Heude Jacques. Le risque d'inondation, les acteurs et les stratégies de prévention dans le bassin Missouri-Mississippi (Flood
hazard, actors and prevention strategies in the Missouri-Mississipi basin). In: Bulletin de l'Association de géographes français,
82e année, 2005-1 ( mars). Israël-Palestine / Risques naturels et territoires. pp. 96-105;
doi : https://doi.org/10.3406/bagf.2005.2443
https://www.persee.fr/doc/bagf_0004-5322_2005_num_82_1_2443
Missouri-Mississippi
(FLOOD
PREVENTION
IN THE MISSOURI-MISSISSIPI
HAZARD,
STRATEGIES
ACTORS AND BASIN)
Jacques HEUDEk
Les aléas les plus récents -la grande inondation de 1993, les expériences plus
ponctuelles mais répétées de 1997, 2001 et 2002- ont rappelé aux millions
d'habitants riverains du Mississippi et de ses affluents (12 millions vivent dans
la seule vallée du Mississippi) qu'il s'agit là de phénomènes anciens mais
toujours d'actualité et, en ce début de XXIème siècle, d'un risque toujours
récurrent malgré la somme des investissements et des travaux entrepris.
Comment a évolué la politique de prévention des risques ? Les nombreux
intervenants nous imposent une analyse multiscalaire des acteurs, des domaines
d'intervention, des stratégies et des pratiques, qui permet de mieux comprendre
un "modèle" original mais encore inachevé combinant la prévention des risques
et la gestion des crises.
L'immense bassin- versant du système Missouri-Mississippi-Ohio (3,2
millions de kilomètres carrés, presque six fois la France) a toujours connu des
crues et des inondations décalées dans le temps et dans l'espace.
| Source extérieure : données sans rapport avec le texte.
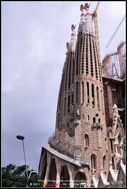 ▲当我们有幸见到这座圣家族大教堂时,这座宏伟的建筑物它确实是和高耸入云的老吊车密不可分,它的周围,特别是南面,还有高处都一直搭建着脚手架和围挡,还时不时有身穿红色工装的工人在上面作业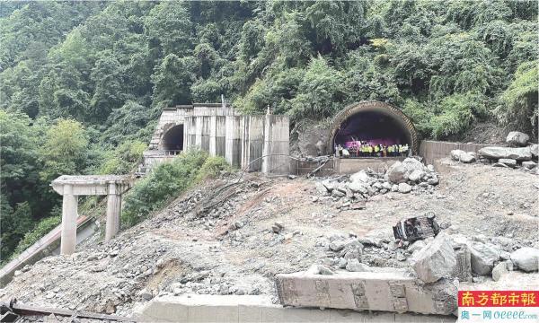 雅康高速四川甘孜藏族自治州康定至泸定段日地1号隧道至2号隧道隧间桥垮塌现场。
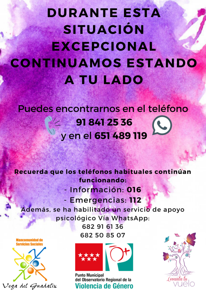En caso de necesitar información, acompañamiento o apoyo, contactar con los teléfonos que aparecen a continuación. Recordamos que también continúan funcionando los teléfonos de asistencia habituales: 016 y 112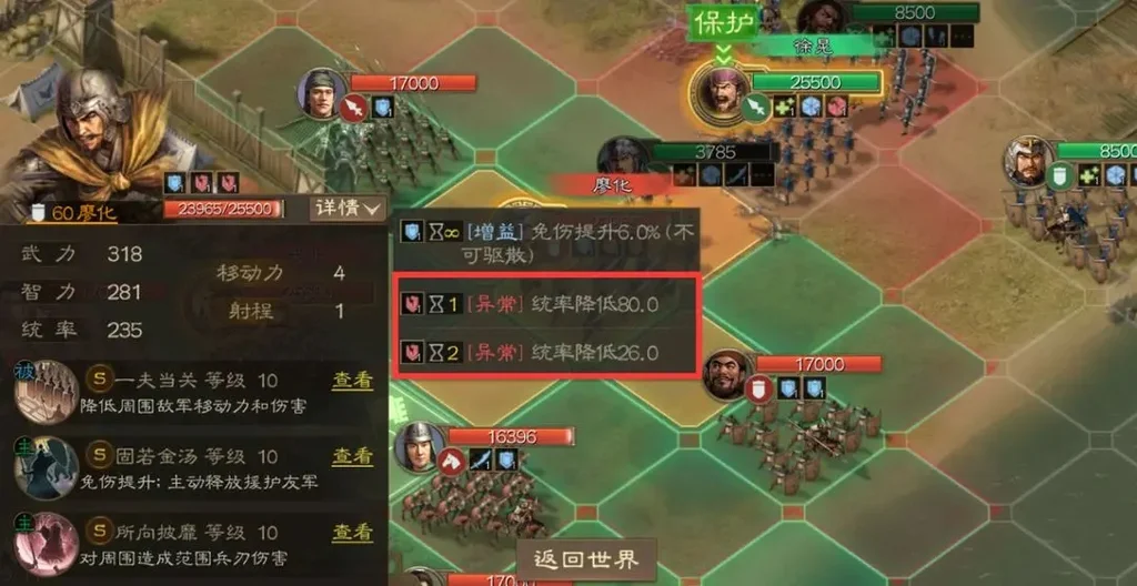 因为这两名武将的自带战法,均有降低目标统率值的效果,最大的优点就是不怕打不动人。两个武将联合点杀,可以将目标的统率值大幅降低,显著削弱目标的防御能力,轻松完成单点突破,而后逐个击杀。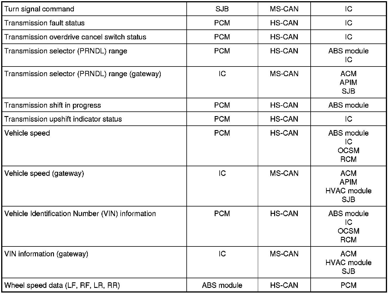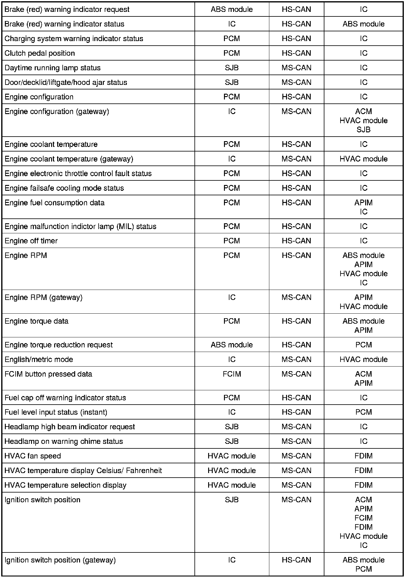 The following chart describes the specific HS-CAN messages broadcast by each module, and the module(s) that receive the message: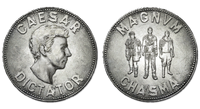 The denarius (silver), which bears an image of a younger Caesar on the obverse and Caesar, Joshua Graham and Bill Calhoun on the reverse. The inscriptions are in Latin, "Caesar Dictator" meaning "Dictator Caesar" or "Absolute Ruler Caesar" on the front and "Magnum Chasma" meaning "Great Abyss," "Great Chasm" or "Great Fissure" on the back, referring to the Grand Canyon. The symbolism is simple; the denarius commemorates young Caesar's journey to the Grand Canyon and his first victories as a dictator of the Grand Canyon tribes.

Ceci s'explique
par l'irrégularité ou plutôt par la complexité du régime hydrologique du fleuve,
synthèse d'une mosaïque de régimes se succédant du nord au sud ou se
juxtaposant d'est en ouest, comme le rappelle la carte n° 1. Il résulte de cette
grande diversité dans les courbes de variations saisonnière des crues
polygéniques (M. Pardé) parfois "exorbitantes" dont les poussées successives et
les très fortes montées d'eau sont très difficiles à vivre pour les habitants
exposés, et délicates à gérer "en direct" par les autorités, d'où la prise de
conscience assez précoce d'une politique de prévention.
Cet hydrosystème gigantesque et complexe, qui se développe sur 6800 km de
long (de la Front Range des Rocheuses au Golfe du Mexique), a été
profondément modifié par les aménagements humains réalisés pour répondre
aux besoins multiples de la navigation fluviale, de l'agriculture et de
l'urbanisation. Il fut transformé également par les travaux destinés à protéger les
populations et les activités économiques riveraines contre le risque
d'inondation.
Il s'agit donc d'un objet d'étude et d'un exemple très intéressant à plus d'un
titre : le traitement du risque y est relativement ancien ; il concerne un très large
spectre d'acteurs et d'échelles d'intervention (que tente de synthétiser le tableau
n°l ci-dessous), depuis les habitants de Prairie au Chien (Wisconsin) jusqu'aux
décideurs de Washington. En effet, la configuration même du bassin- versant qui
s'épanouit au centre du territoire et qui baigne la moitié des Etats de l'Union a
très tôt obligé les autorités à recourir à l'intervention de l'Etat fédéral.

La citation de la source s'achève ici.